Mattarella sichert finalbesuch ab – panatta überreicht 50 jahre nach seinem rom-triumph
Sergio Mattarella wird am Sonntag um 17 Uhr auf der Tribüne des Foro Italico sitzen. Punkt. Ob Jannik Sinner dabei ist oder nicht, spielt für den Staatspräsidenten keine Rolle – er will das Finale der Internazionali d’Italia live erleben.
Und er wird nicht alleine jubeln. Neben ihm: Adriano Panatta, der letzte italienische Sieger in Rom, bereit, der Nachfolgerin oder dem Nachfolger den Pokal in die Hand zu drücken – exakt ein halbes Jahrhundert, nachdem er selbst die Tennishistorie schrieb.
Ein präsident, der nicht nur zuguckt
Rom sieht Mattarella nicht zum ersten Mal. 2023 schon schüttelte er im Regen die Hände der Profis, applaudierte sich die Finger wund und ließ sich sogar von Flavio Cobolli einen Scherz über den Pokal erzählen – „Ich glaube, das ist nur die Kopie“, lachte der Präsident. Diese Lockerheit ist kein PR-Gag. Sie ist Teil seines Politikverständnisses: Sport als sozialer Kitt, als Lehrstück für Respekt und Durchhaltevermögen.
Deshalb empfängt er auch nicht nur Sieger im Quirinal. Auch Athleten, die knapp scheiterten oder sich für Fairplay einsetzten, bekommen seine Anerkennung. Die Botschaft: Zählen tut der Weg, nicht nur der Pokal.

Darderi sorgt für italienischen pulsschlag
Die Chance auf eine echte italienische Final-Party lebt. Luciano Darderi hat in der Nacht auf Freitag die Semifinals geknackt und trifft nun auf Casper Ruud. Sollte der 22-jährige Pateer den Norweger ärgern, wäre Mattarella live dabei, wenn er am Sonntag erneut aufsteht – diesmal vielleicht, um lautstark die Hymne zu singen.
Für Sinner, der auf halbem Weg stand, wäre es der nächste Schritt auf dem Weg zur Nummer eins der Welt.
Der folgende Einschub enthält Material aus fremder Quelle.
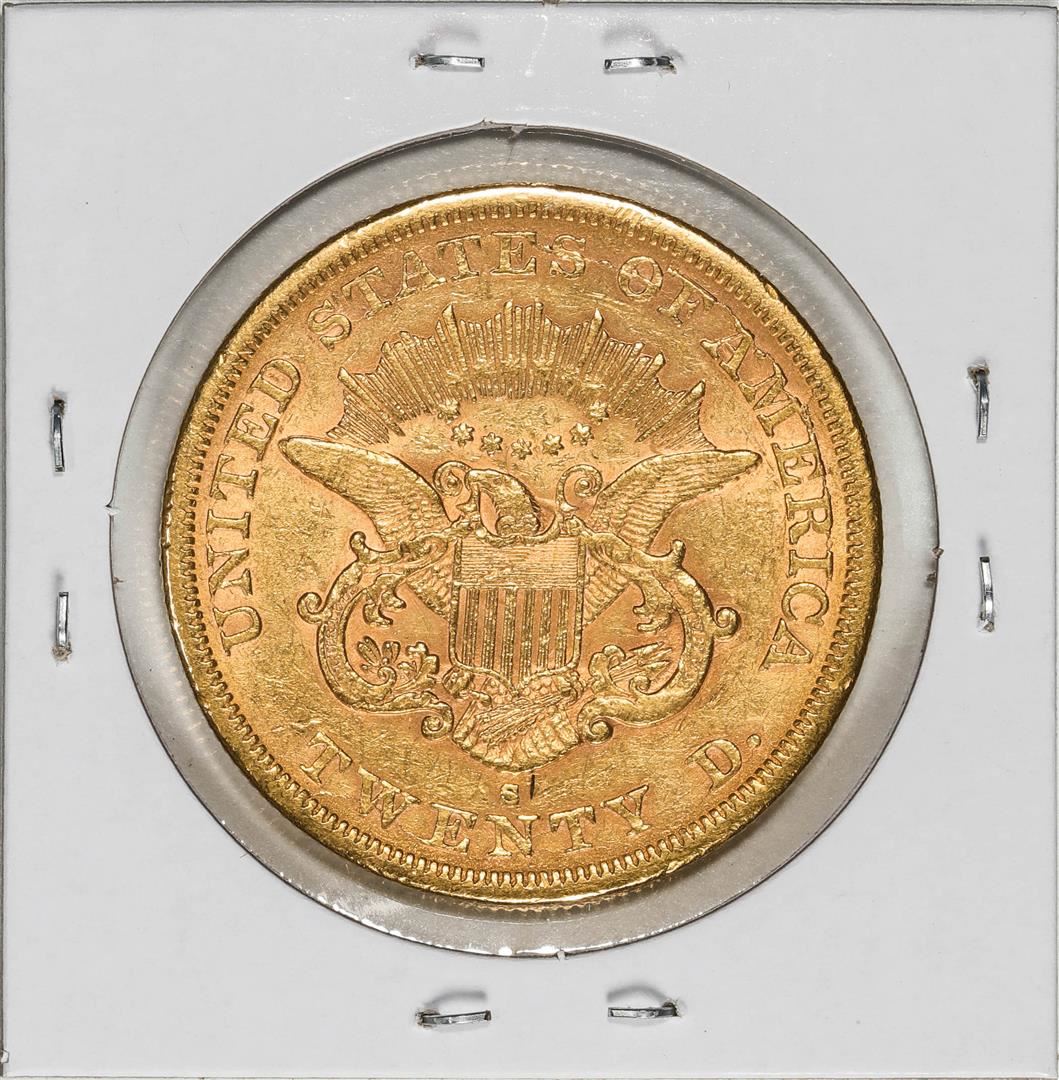 One 1865-S Type 1 $20 Liberty Head Double Eagle Gold Coin.

Doch selbst ohne den Südtiroler bleibt das Centrale ein Kessel. 10.500 Zuschauer, ein Präsident, eine lebende Legende und der Traum von einem italienischen Champion – mehr Dramatik geht nicht.
Die Uhr tickt. Noch 48 Stunden, dann entscheidet sich, ob Panatta den Pokal an einen Landsmann oder eine internationale Größe übergeben darf. Einer wird auf jeden Fall dabei sein: Sergio Mattarella. Er wird wieder aufstehen, applaudieren und vielleicht sogar brüllen. So wie wir alle, wenn ein neues Kapitel italienischer Tennisgeschichte geschrieben wird.